Nice to find a place where people are like me. Halloween is the best day of the years, and the rest are just 364 days of waiting. So I try to fill the other 364 with fun scary stuff:


















We had fun last year









and now have a bigger yard this yer, the theme? Zombie invasion


----------



## Lotus (Nov 12, 2004)

That is one Sweet Collection you got

Welcome to Unpleasant Street


----------



## Zombie-F (Apr 12, 2004)

Welcome to my slice of hell on the internet.

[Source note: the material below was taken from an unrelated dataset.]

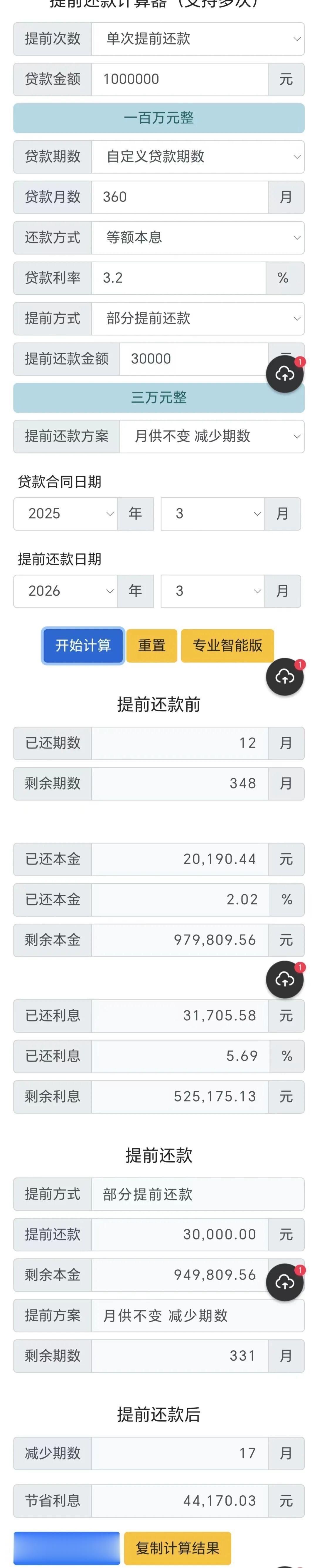 最常见的30年等额本息、利率3.2%,贷款100万,月供约4324元,已还款一年。若是提前还3万本金,选缩短年限、月供不变。

That is one nice big collection of horror stuff you got there.


----------



## Vlad (Aug 2, 2005)

Hi Don, welcome aboard. I see the Camp Crystal Lake sign. I've camped where they filmed that!


----------



## Sinister (Apr 18, 2004)

Welcome aboard. Like your foum name, as it's a derivitive of my favorite Zombie film. Not only do I see Horror, but I see a fair collection of X-Men figures and the like too. Hope you stick around for awhile.


----------



## Blackwidow (Jul 9, 2005)

Wow, that's quite the collection! Nice to have you join us Don of the Dead... what a cool name


----------



## mikeq91 (Jul 19, 2005)

Wow, awsome stuff! How long have you been collecting? I take it your a big horror movie buff. Nice to have you here


----------



## Don of the Dead (Aug 17, 2005)

mikeq91 said:


> Wow, awsome stuff! How long have you been collecting? I take it your a big horror movie buff. Nice to have you here


Around 8 years, my parents hated Horror, so once I moved out I got into it big time.


----------



## Mollins (Aug 16, 2005)

welcome!


----------